По странной игре случая Альфьери был, если можно так выразиться, перенесен из античности в Новое время: рожденный действовать, он имел возможность только писать. Это принуждение сказалось на его стиле, на его трагедиях. Он хотел на поприще литературы осуществить свои политические цели: без сомнения, то была благороднейшая задача; однако ничто так не искажает искусство, как поставленная перед ним цель. Альфьери, негодовавший на то, что живет среди народа, где хотя и встречаются выдающиеся ученые и высокообразованные люди, но читатели и литераторы в большинстве своем не интересуются ничем серьезным и любят лишь сказки, занимательные рассказы и мадригалы; Альфьери — говорю я — хотел придать своим трагедиям самый суровый характер. Он изгнал из них роли наперсников и вообще всякого рода театральные эффекты — все, что могло бы отвлечь внимание зрителей от диалогов. Казалось, он хотел наложить епитимью на итальянцев за их живость и естественность, за природную силу их воображения; но все же творчество Альфьери вызывало горячее одобрение и потому, что это человек великой души и великого ума, и в особенности потому, что современные обитатели Рима всегда приветствуют хвалу, воздаваемую делам и чувствам древних римлян, словно это еще касается их самих. Они любуются энергией и духом независимости, подобно тому как любуются прекрасными картинами, собранными в их галереях. Тем не менее верно, что Альфьери не создал того, что заслужило бы названия итальянского театра, то есть не написал трагедий, в которых можно было бы найти моральные достоинства, присущие именно итальянцам. Он вообще не характеризовал нравы тех стран и веков, которые он изображал. «Заговор Пацци», «Виргиния», «Филипп Второй» — произведения, замечательные мощью и возвышенностью своих идей; но на этих трагедиях лежит печать личности самого Альфьери, а не времени и места, в которых протекает действие. Хотя между духом французской литературы и духом Альфьери нет ничего общего, они сходятся в одном: французы, как и этот итальянский писатель, окрашивают в свои цвета все сюжеты, разрабатываемые ими.
Как только речь зашла о французской литературе, слово взял граф д’Эрфейль.
— Невозможно представить себе, — сказал он, — чтобы мы, французы, потерпели у себя на сцене бессвязные выдумки греков и чудовищные нагромождения Шекспира: у французов для этого слишком тонкий вкус. Наш театр — образец изысканности и изящества, в этом его главная особенность, и внести в него иностранный элемент — значило бы впасть в варварство.
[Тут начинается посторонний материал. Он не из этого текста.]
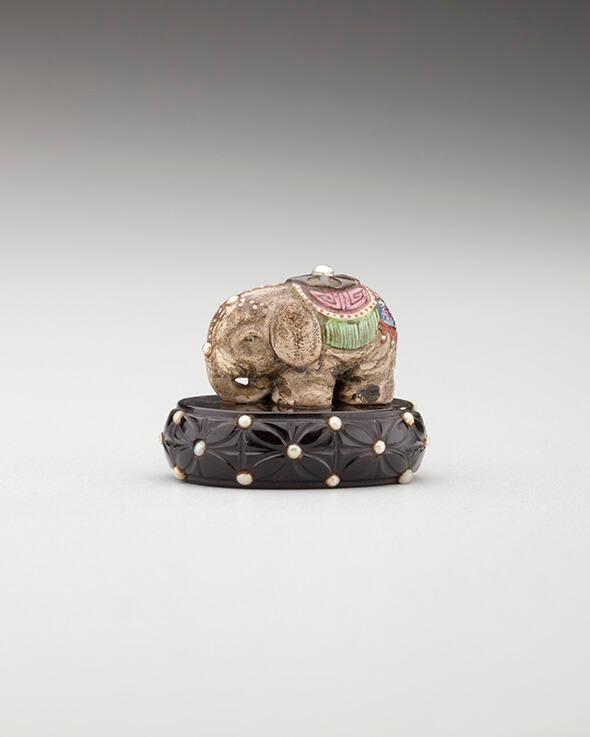 DescriptionSmall elephant polychrome on stand. Edo ware; earthenware with polychrome glazes, inlaid pearls, and carved black jasper.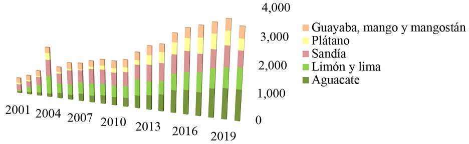 Las exportaciones en toneladas de frutas correspondientes al comercio mexicano con el mundo han ido creciendo a lo largo de 20 años. México ha aumentado tres veces el volumen en toneladas de sus exportaciones de 2001-2020. Se puede apreciar que los datos para el caso de la sandía, plátano, guayaba, mango y mangostán bajaron sus valores en toneladas, mismos que pueden deberse a problemas de trasferencia de datos por pandemia.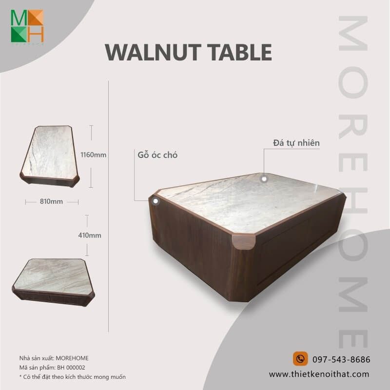 Mẫu bàn trà bằng gỗ óc chó cao cấp, có mặt bàn đá nhân tạo vân mây hình hộp không chân, mang lại cảm giác mới mẻ và phù hợp với phong cách hiện đại của phòng khách.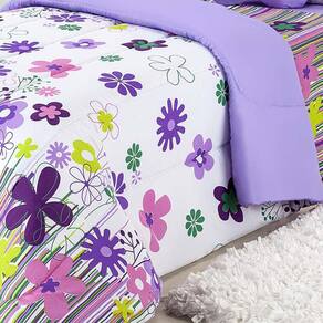 Kit Edredom Solteiro 3 Peças Garden Lilás A coleção GARDEN é uma escolha perfeita para quem deseja um quarto moderno e colorido. O Edredom GARDEN PINK/LILÁS é um item versátil que pode ser tanto como peça decorativa quanto para o conforto numa noite fria. Esse kit contém 03 peças, sendo elas: 01 Edredom tamanho solteiro, 01 Fronha e 01 Almofada Flor. CONTEÚDO DA EMBALAGEM - 01 Edredom 2,10m x 1,50m - 01 Fronha 70cm x 50cm - 01 Almofada Flor 45cm de Diâmetro COMPOSIÇÃO TEXTIL Tecido Superior: 100% Poliéster Tecido Inferior: 100% Poliéster Enchimento: 100% Poliéster Tecido Almofada: 100% Poliéster FICHA TÉCNICA - Quantidade de peças: 03 - Cor: Garden Lilás - Estampado: Sim - Bordado: Não - Fabricação: Matelado em linha ORIENTAÇÕES PARA LAVAGEM - Lavar a mão; - Não lavar junto com outros produtos; - Não deixar o produto de molho, pois roupas de cama de cor forte podem desbotar; - Utilizar sabão neutro. Evite sabão do tipo limpeza profunda e/ou tira manchas; - Lavar com temperatura máxima de 30C; - Não alvejar / não branquear; - Não secar em secador rotativo; - Não lavar a seco; - Passar com temperatura baixa temperatura máxima de 110C ; - Vapor pode causar danos irreversíveis. ATENÇÃO - Verificar as dimensões do produto antes da compra. - É necessário levar em consideração a altura da cama ou a altura do box da cama + colchão, para que o caimento do produto seja perfeito. - Siga as orientações para lavagem para aumentar a vida útil das peças - Variação das cores pode ocorrer de acordo com a configuração do monitor. - Pode ocorrer variação de tonalidade de acordo com o lote do tecido. - As peças decorativas não estão inclusas neste produto. - Foto ilustrativa. Marca: Não Informado Ean: 7898441898682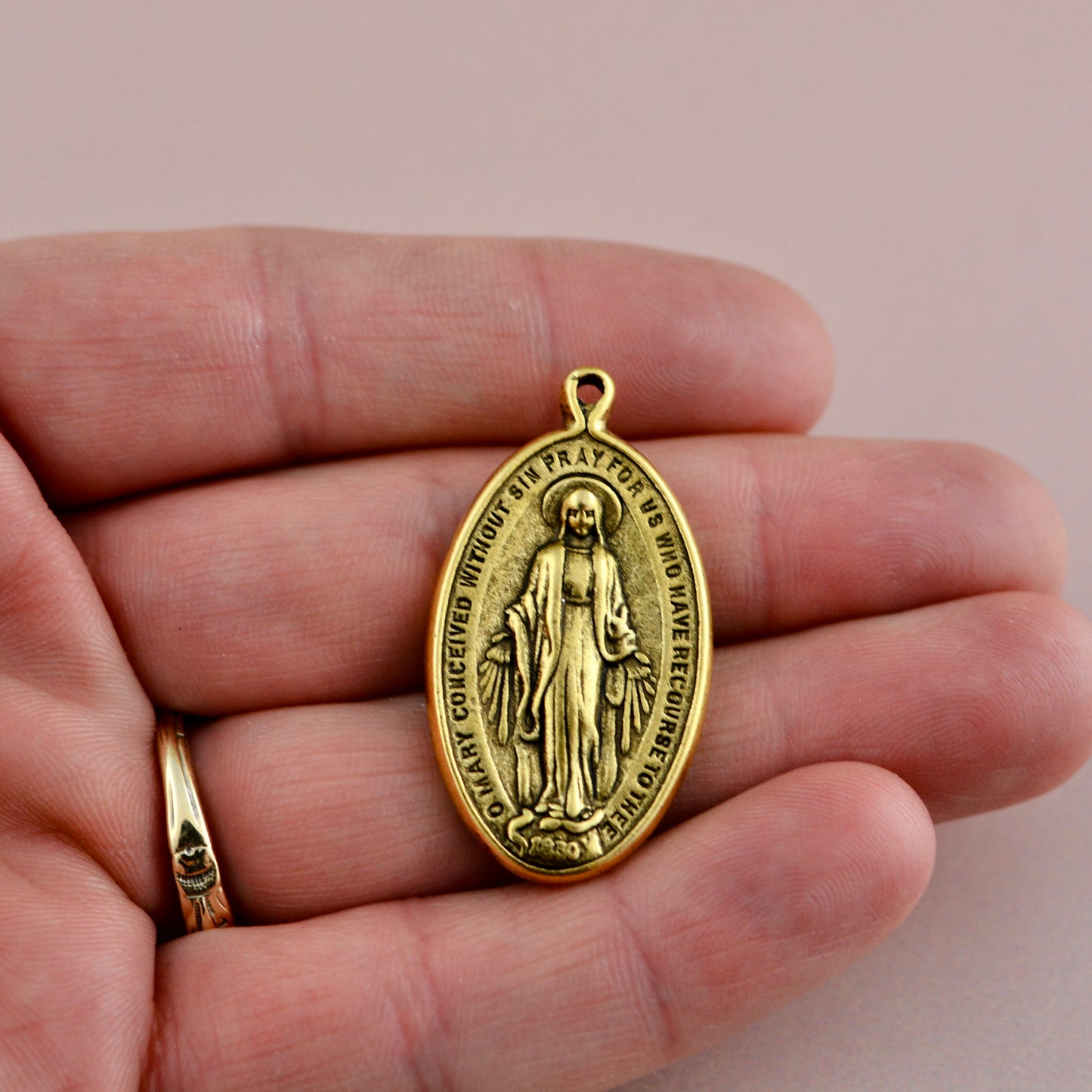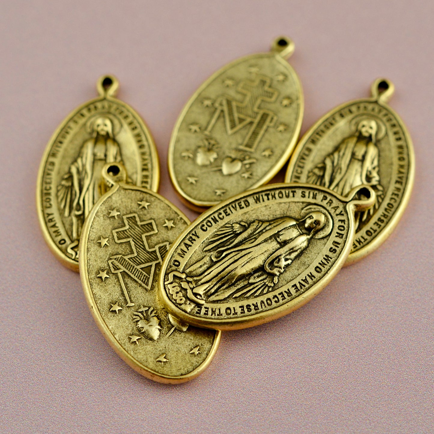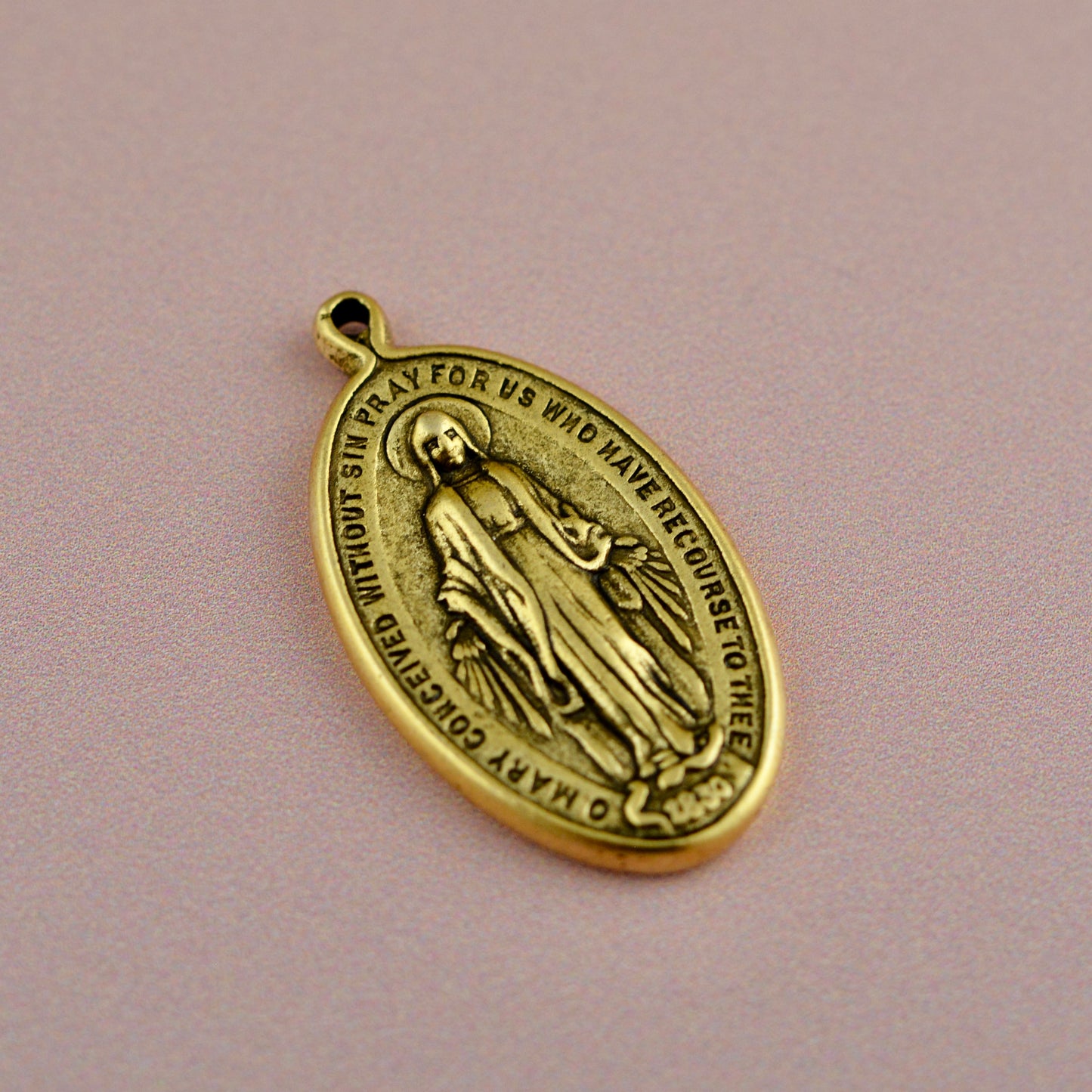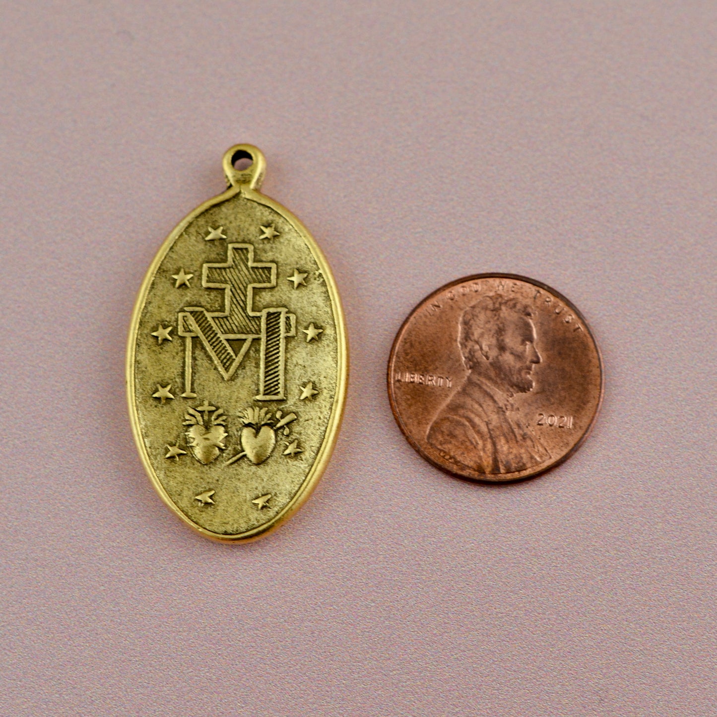 Miraculous Medal, Catholic Religious Mary Pendant, Antiqued Gold Charm, GL-6334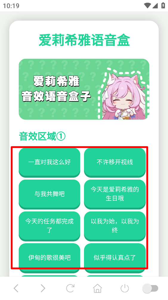 爱莉希雅语音盒是网友自发制作的语音播放工具,内含角色爱莉希雅的全套语音内容。它不仅体积轻便,操作也十分便捷,只需点击就能播放各类语音片段,还具备悬浮窗、延时播放、自动播放等实用功能,让用户可以随时沉浸在喜爱的语音中。

— Пожалуй, вам бы стоило, — улыбаясь, ответила Коринна, — окружить себя великой китайской стеной. Трагедии ваших писателей, несомненно, исполнены редких поэтических красот, но они, может быть, стали бы еще лучше, если бы вы иногда допускали на вашу сцену не одних только французов. Ну а мы, итальянцы, много потеряли бы, если бы наше драматическое искусство подчинилось определенным правилам, честь создания которых принадлежит не нам и бремя которых было бы для нас тягостно. Воображение, характер, привычки нации — вот что должно формировать ее театр. Итальянцы страстно любят изящные искусства: музыку, живопись, пантомиму — словом, все, что воздействует на чувства. Возможно ли с помощью одних лишь суровых и красноречивых диалогов удовлетворить людей с таким вкусом? И тщетно Альфьери при всем своем таланте хочет приучить к этому итальянцев; он сам сознавал, что его система слишком суха.